Já estivemos bem mais embrulhados, em panos, rodeados por fibras, delicada ou grosseiramente entrançadas, a cobrir todos os objectos e todos os cantos e recantos. Mas eles, os panos, ainda lá estão.
Estão descidos sobre as nossas janelas, estão repousados sob os nossos pés, estão embrulhados em cadeiras e sofás, capturados entre o colchão e a cama, até invisivelmente entalados em recheios de paredes e tectos. Lã de rocha, lã de vidro.
Como a roupa que escolhemos para nos envolver, as casas pedem o carinho do tecido. O abafo de roupa pesada, gramagem alta, ou a frescura de malhas, finas e abertas.
O tecido rodeia-nos, para dar silêncio. Poucos se apercebem que o tecido nos foi sendo retirado das vidas, quando fomos recusando os naperons de crochet que avós tricotavam, para ali pousarem, na televisão, no aparador, na mesa. Despimos as casas, e elas, nuas, se envergonham agora de frio, com gritos a baterem contra a sua pele e a atordoarem-nos os ouvidos.
Deixem a vossa casa vestir-se, e ela absorverá o som, e dar-vos-à sossego.

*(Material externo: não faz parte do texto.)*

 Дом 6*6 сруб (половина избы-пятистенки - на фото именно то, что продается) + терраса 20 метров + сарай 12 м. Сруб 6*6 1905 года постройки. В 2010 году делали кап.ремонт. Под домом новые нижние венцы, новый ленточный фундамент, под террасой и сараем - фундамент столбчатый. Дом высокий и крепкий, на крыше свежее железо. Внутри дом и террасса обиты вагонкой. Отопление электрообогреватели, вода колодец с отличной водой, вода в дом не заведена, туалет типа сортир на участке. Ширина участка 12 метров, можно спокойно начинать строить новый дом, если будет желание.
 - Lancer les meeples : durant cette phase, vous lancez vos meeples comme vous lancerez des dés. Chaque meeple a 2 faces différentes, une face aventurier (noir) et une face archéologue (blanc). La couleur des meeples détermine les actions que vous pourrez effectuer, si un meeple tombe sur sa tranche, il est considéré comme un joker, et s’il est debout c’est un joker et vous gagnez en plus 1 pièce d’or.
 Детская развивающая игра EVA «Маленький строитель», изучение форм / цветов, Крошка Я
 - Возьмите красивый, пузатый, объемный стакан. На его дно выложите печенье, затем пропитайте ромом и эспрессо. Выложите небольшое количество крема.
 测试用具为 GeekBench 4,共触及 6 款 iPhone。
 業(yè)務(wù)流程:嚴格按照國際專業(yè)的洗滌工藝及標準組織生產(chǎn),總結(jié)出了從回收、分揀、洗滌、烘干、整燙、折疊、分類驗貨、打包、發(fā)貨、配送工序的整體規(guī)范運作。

O fio de algodão em nós, padronizados em matemática, encostavam-se aos vidros para filtrar luz e a temperatura.
O peso ondulado da cortina, em queda junto à parede, guardava-nos o pudor, nos resguardava a intimidade.
O laço do felpo cobrindo o chão em alcatifa.

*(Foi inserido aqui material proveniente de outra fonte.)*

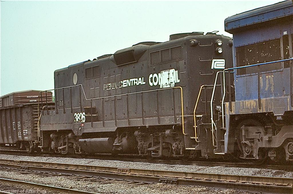 CR GP-9B 3826 follows U33C 6565 (ex-EL 3302) at Abrams in June 1979.
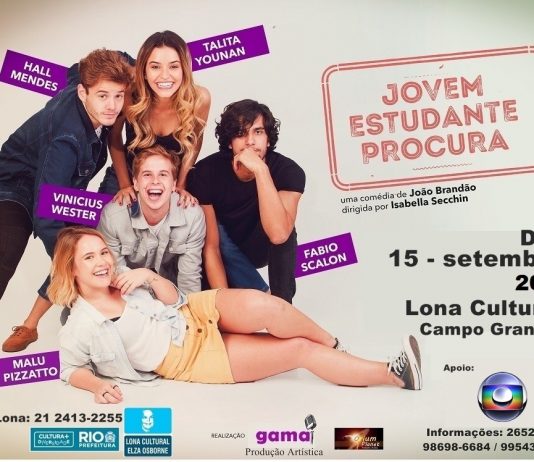 Imagine você ter de alugar os quartos do seu apartamento para pessoas que você nunca viu para ajudar a pagar as despesas de casa? Esse é o ponto de partida da comédia adolescente de João Brandão (Prêmio Coca Cola em 1999). Com direção de Isabella Secchin, a montagem alia emoção e humor para retratar a inserção dos jovens no universo adulto. A peça apresenta as transformações inevitáveis para a maturidade, em que a entrada no mercado de trabalho, as conquistas e decepções amorosas, ajudam a lapidar a personalidade ainda em formação. “O texto é muito atual e explicita toda essa efervescência que o adolescente tem.

O ponto apertado do tapete, a fita leve da passadeira.
A nódoa de vinho tinto naquela toalha de mesa.
Os pêlos da gata no canto das mantas, na cama.
O vaivém das flanelas e dos linhos, em picos, nas primaveras e nos outonos.

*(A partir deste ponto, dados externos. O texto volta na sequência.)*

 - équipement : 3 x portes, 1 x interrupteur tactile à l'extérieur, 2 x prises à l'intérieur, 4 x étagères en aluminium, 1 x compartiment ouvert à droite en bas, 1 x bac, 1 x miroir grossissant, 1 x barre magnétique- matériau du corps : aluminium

Pano. E aquele respirar junto com o mundo, no balançar do cósmico vazio.
E no fim, a mortalha, embrulhem-me em musselina, e enterrem-me de pé, com uma árvore plantada na moleirinha.
Quero sair da terra depois de morta e espreguiçar os braços no ar…
… e no meio, o toque gentil do tecido, subindo o corpo. E só retirado se me puder vestir contigo.